After this initial low temperature hot working step, the intermediate product is then heated to a temperature sufficiently high to recrystallize its grain structure. For purposes of recrystallization, the temperature can be in the range of 900° to 1040° F. with a preferred recrystallization temperature being 980° to 1020° F. It is the recrystallization step, particularly in conjunction with the earlier steps, which permits the improvement in short transverse properties of plate, for example, fabricated in accordance with the present invention. If too much zirconium is present, then recrystallization will not occur. By the use of the word recrystallization is meant to include partial recrystallization as well as complete recrystallization.
It is believed that recrystallization, in conjunction with the low temperature preheat and the low temperature hot work, initiated at the grain boundary precipitates present at the original dendritic boundaries operate to occlude these particles, as well as segregated impurities at the dendritic boundary. Therefore, these impurities can no longer present weak sites or links for intergranular fracture. Thus, it can be seen why recrystallization must be initiated and why the control of zirconium which retards recrystallization must be controlled.
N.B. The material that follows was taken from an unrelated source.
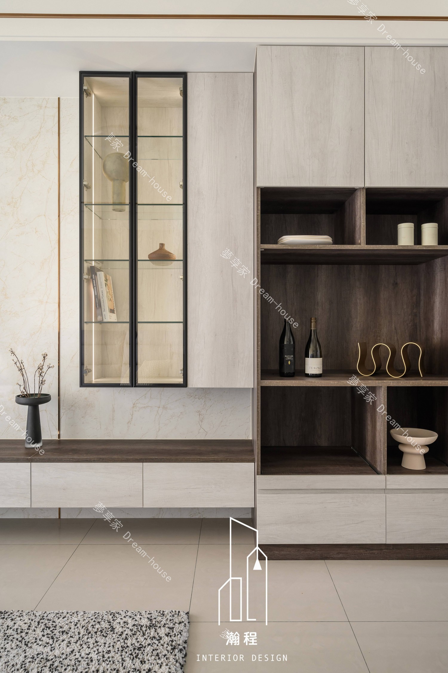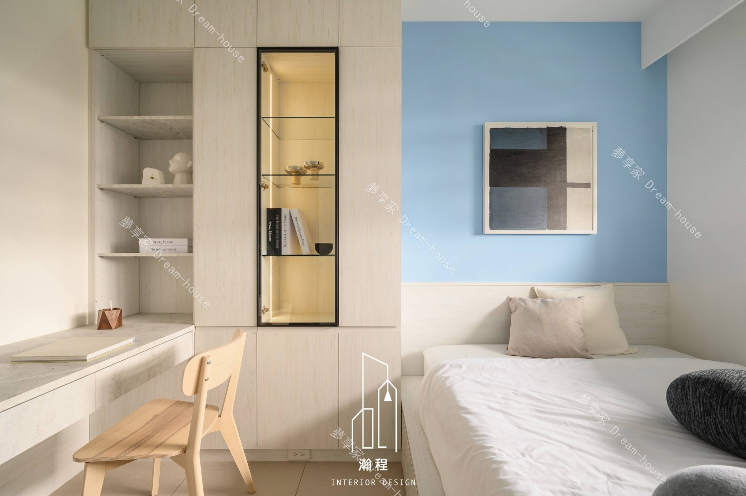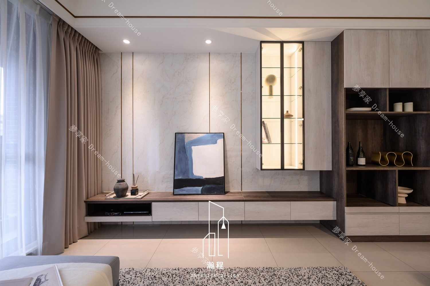 客廳空間透過淡色沙發與漸層牆面構圖,呈現視覺的層次感,同時融入圓弧與直線的交錯,象徵生活的柔軟與秩序。電視主牆選用仿大理石紋的美耐板與木質相結合,搭配內嵌燈光展示櫃,在簡潔中帶出細節的精緻度。臥室則延續整體的自然語彙,以淺木色櫃體搭配俐落線條,融合收納與書桌機能,創造出靜謐且舒心的休憩氛圍。

That is, zirconium or its equivalent, along ith the low temperature hot working conditions, determine the nature of the recrystallized texture.
After recrystallization, the intermediate product is further hot worked or hot rolled to a final product shape. As noted earlier, to produce a sheet or plate-type product, the intermediate product is hot rolled to a thickness ranging from 0.1 to 0.25 inch for sheet and 0.25 to 10.0 inches for plate, for example. For this final hot working operation, the temperature should be in the range of 1000° to 750° F., and preferably initially the metal temperature should be in the range of 900° to 975° F. With respect to this last hot working step, it is important that the temperatures be carefully controlled. If too low a temperature is used, too much cold work can be transferred to the final product which can result in an adverse effect during the next thermal treatment, i.e., solution heat treating, as explained below.
In order to obtain improved short transverse properties, solution heat treating is performed as noted before, and care must be taken to ensure a substantially unrecrystallized grain structure. Thus, the alloy in accordance with the invention must contain a minimum level of zirconium to retard recrystallization of the final product during solution heat treating. In addition, it is for the same reason that care must be taken during the final hot working step to guard against using too low temperatures and its attendant problems. That is, unduly high amounts of work being added in the final hot working step can result in recrystallization of the final product during solution heat treating and thus should be avoided.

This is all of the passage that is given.